Metric	Type	Description
`alexandria_http_requests_total`	Counter	HTTP requests by method, path, status
`alexandria_http_request_duration_seconds`	Histogram	Request latency by method, path
`cache_hit_total`	Counter	Cache hits by backend (inmem/redis/memcached)
`cache_miss_total`	Counter	Cache misses by backend
`cache_duration_ms`	Histogram	Round-trip cache latency by backend and operation

Sample PrometheusRule Alerts

The chart ships a PrometheusRule template (enabled by metrics.prometheusRule.enabled=true) with the following alerts. Enable with:

metrics:
  enabled: true
  prometheusRule:
    enabled: true

Included alerts:

AlexandriaHighErrorRate — fires when 5xx rate > 5% over 5 minutes.
AlexandriaAPIDown — fires when no successful /ready scrape for 2 minutes.
AlexandriaHighLatency — fires when P99 request latency > 5 seconds over 5 minutes.
AlexandriaCacheHitRateLow — fires when Memcached hit rate < 50% over 10 minutes (only meaningful with memcached_cache entitlement).

Grafana

If using the OTel LGTM stack (otel.enabled=true), Grafana is available at port 3000 on the otel-lgtm service. The Prometheus data source is auto-configured. Import the Alexandria dashboard from k8s/o11y/ if present.

HA Constraints and Upgrade Downtime

Current HA constraint

The main deployment uses a ReadWriteOnce PVC and updateStrategy.type: Recreate. Only one pod can run at a time. This means:

Every upgrade incurs a brief downtime (15–60 seconds; see UPGRADE.md).
No horizontal scaling of the main pod while RWO PVC is in use.

Path to zero-downtime upgrades

Migrate from SQLite to Postgres for all state (already the case in EE — SQLite is only used in CE).
Move to a ReadWriteMany PVC (e.g., Google Filestore NFS, Amazon EFS) or eliminate the PVC dependency entirely.
Switch updateStrategy to RollingUpdate with maxUnavailable: 0.

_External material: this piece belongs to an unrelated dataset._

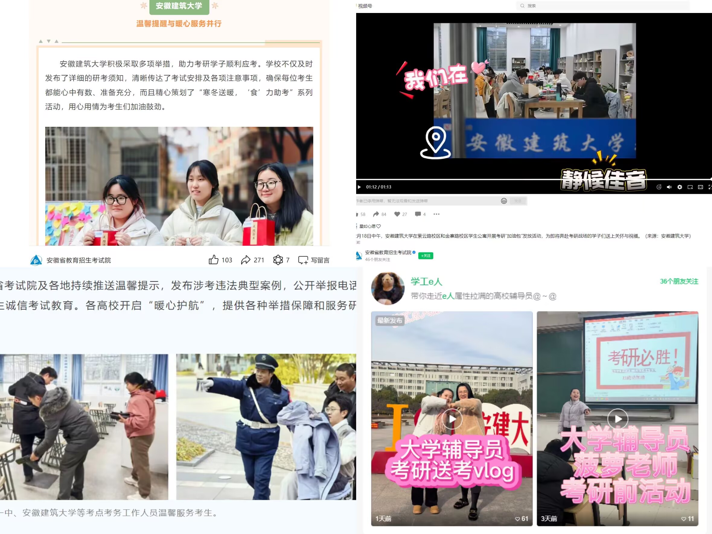 学校各部门、各学院积极践行“研考精神”,紧密锚定考生需求,开展多元化暖心服务。后勤处精心组织开展“寒冬送暖,‘食’力助考”等系列暖心服务举措,向全体考生提供免费早餐和冬至节令餐饮,发放免费午餐券,赠送文具、保暖手套、围巾、水果等备考“加油包”,在各考区提供姜茶、能量食品,为考生加油鼓劲;呼应考生反馈,设置午间休息室,增加考场空调开放时间,设立研考专用绿色窗口方便各校区入校考生就餐、休息。学生处、各学院举行考前动员会、学生座谈会、宿舍走访等形式多样的活动,为考生减压赋能。各学院开展各具特色的考前送祝福、发放大礼包等暖心活动,金寨路校区各学院开通送考专车,建规学院教师连夜加班为入校考生设计专用地图。全校教职工用心用情优化服务,为考生提供温馨舒适的考试环境。

This is on the product roadmap. Until then, schedule upgrades during low-traffic windows.

Stateless components

The following components can be scaled horizontally without constraint:

vector-index — stateless gRPC service; scale via vectorIndex.replicaCount.
memcached — scales via cache.memcached.replicaCount; Memcached is not write-consistent so use consistent hashing.
redis — single-instance; for HA use Redis Sentinel or Cluster (external).

Incident Response

API is returning 5xx

# 1. Check pod status
kubectl get pods -n alexandria

# 2. Check API logs
kubectl logs -n alexandria -l app.kubernetes.io/name=alexandria-ee -c api --since=10m

# 3. Check orchestrator socket
kubectl exec -n alexandria deploy/alexandria-ee -c api -- \
  ls -la /var/run/alexandria/

# 4. Check DB connectivity
kubectl exec -n alexandria deploy/alexandria-ee -c api -- \
  curl -s http://localhost:8080/ready

# 5. Check audit log for recent errors
curl -s 'https://alexandria.example.com/admin/audit?limit=50' \
  -H "Authorization: Bearer <token>" | jq '.entries[] | select(.action | contains("error"))'

Admin locked out

If all admin users are disabled or the admin password is lost:

# Reset via helm upgrade with a new adminPassword
helm upgrade alexandria-ee k8s/helm/alexandria-ee/ \
  --reuse-values \
  --set auth.adminPassword='<new-password>'

# The API seeds/re-syncs the admin user from ALEX_ADMIN_PASSWORD on startup.

License expired

# Check current license state
curl -s https://alexandria.example.com/admin/license \
  -H "Authorization: Bearer <token>" | jq .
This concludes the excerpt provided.